How did Japan become the world’s latest serious wine frontier?
Wineries in Yamanashi, the most important of Japan’s four major wine regions, are betting on native grape variety koshu, writes Elin McCoy
Inside a 19th-century silk merchant’s house in Katsunuma, Japan, about 70 miles west of central Tokyo, the three Aruga brothers are pouring several white wines in their timbered tasting room. All are made at their Katsunuma Jyozo winery under the Aruga Branca label from the country’s unique grape variety, koshu, and all are delicious: one is elegant and sparkling; another fresh, bright and lemony; a third succulent and tangy; still another savoury and smoky; and a fifth barrel-fermented version is round, rich and smooth.
About 15 years ago, when an Aruga Branca bottling won medals in a French wine competition, Bernard Magrez of famous Bordeaux chateau Pape Clement was so intrigued, he proposed a joint wine project that introduced koshu to France. Now third-generation winemaker Hiro Aruga, who studied and worked in Burgundy, has joined his father Yuji, and is experimenting to create wines of even higher quality.
Aruga Branca is part of the vinous revolution that’s making Japan the world’s latest serious wine frontier. Since 2010, koshu has been on OIV (International Organisation of Vine and Wine) list of varieties, so it can be displayed on labels in Europe. To ensure quality, government regulations were enacted last year to restrict labelling of Japanese wine to vintages made wholly in the country, from vine to barrel. The volume of exports rose nearly 30 per cent from 2015 to 2017 – from 45,000 litres to 58,000 litres, according to the National Tax Agency. Ambitious vintners anticipate more demand during this year’s Rugby World Cup and next summer’s Olympics.
Though many grapes are grown in Japan, wineries in Yamanashi, the most important of Japan’s four major wine regions and where Katsunuma is located, are betting on native variety koshu. “The grape is ideal for Japan’s humid, rainy climate. It’s thick-skinned and resistant to rot,” says Aruga.

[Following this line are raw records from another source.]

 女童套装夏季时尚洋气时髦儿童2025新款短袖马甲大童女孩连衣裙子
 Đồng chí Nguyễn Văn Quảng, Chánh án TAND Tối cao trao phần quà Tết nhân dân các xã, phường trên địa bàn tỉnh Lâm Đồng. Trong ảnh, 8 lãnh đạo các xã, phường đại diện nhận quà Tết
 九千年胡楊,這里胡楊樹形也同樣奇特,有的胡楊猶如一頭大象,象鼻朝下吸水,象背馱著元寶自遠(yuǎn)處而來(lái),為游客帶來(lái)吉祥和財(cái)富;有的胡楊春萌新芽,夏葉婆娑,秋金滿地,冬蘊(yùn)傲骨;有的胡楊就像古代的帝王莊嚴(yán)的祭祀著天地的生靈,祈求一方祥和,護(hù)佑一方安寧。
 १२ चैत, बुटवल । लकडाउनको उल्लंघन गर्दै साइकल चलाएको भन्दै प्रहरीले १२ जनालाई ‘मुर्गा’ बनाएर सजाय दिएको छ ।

The vineyards are unusual. At nearby Lumiere, which claims to be the oldest family-owned winery in Japan (established in 1885), koshu vines look like small trees, with branches spread-eagled on wires six feet off the ground to create a pergola. Folded paper hats are tied over hanging bunches like miniature umbrellas to shelter grapes from rain.

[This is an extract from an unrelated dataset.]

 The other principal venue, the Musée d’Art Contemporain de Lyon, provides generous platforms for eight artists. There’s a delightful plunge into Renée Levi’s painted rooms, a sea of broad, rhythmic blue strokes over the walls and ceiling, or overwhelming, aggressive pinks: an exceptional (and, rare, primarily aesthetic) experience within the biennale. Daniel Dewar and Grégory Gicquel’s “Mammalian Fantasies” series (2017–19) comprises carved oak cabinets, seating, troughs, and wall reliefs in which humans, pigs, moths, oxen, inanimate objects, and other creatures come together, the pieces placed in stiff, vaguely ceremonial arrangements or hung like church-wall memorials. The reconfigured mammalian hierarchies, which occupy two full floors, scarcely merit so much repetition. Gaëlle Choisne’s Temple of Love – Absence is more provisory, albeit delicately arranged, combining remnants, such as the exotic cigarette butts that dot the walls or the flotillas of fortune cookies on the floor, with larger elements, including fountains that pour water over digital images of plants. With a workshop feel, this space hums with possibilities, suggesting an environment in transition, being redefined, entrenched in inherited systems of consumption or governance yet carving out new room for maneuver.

Japan’s enticing whites fit neatly with the latest global wine trends. Koshu wines have floral aromas and delicate, distinctive flavours (of yuzu, savoury minerals), naturally low alcohol levels (11 to 12 per cent), and they’re exotic but not odd, like, say, Georgia’s rkatsitelli which hasn’t truly taken off. The name koshu is easy to remember and pronounce. Plus, they’re perfect matches with popular Japanese mainstays sushi and sashimi.
I spent a few days in Yamanashi, a 90-minute train ride from Tokyo. It’s home to 81 of the country’s 300 wineries, and has a thousand-year history of grape growing and nearly all Japan’s plantings of koshu.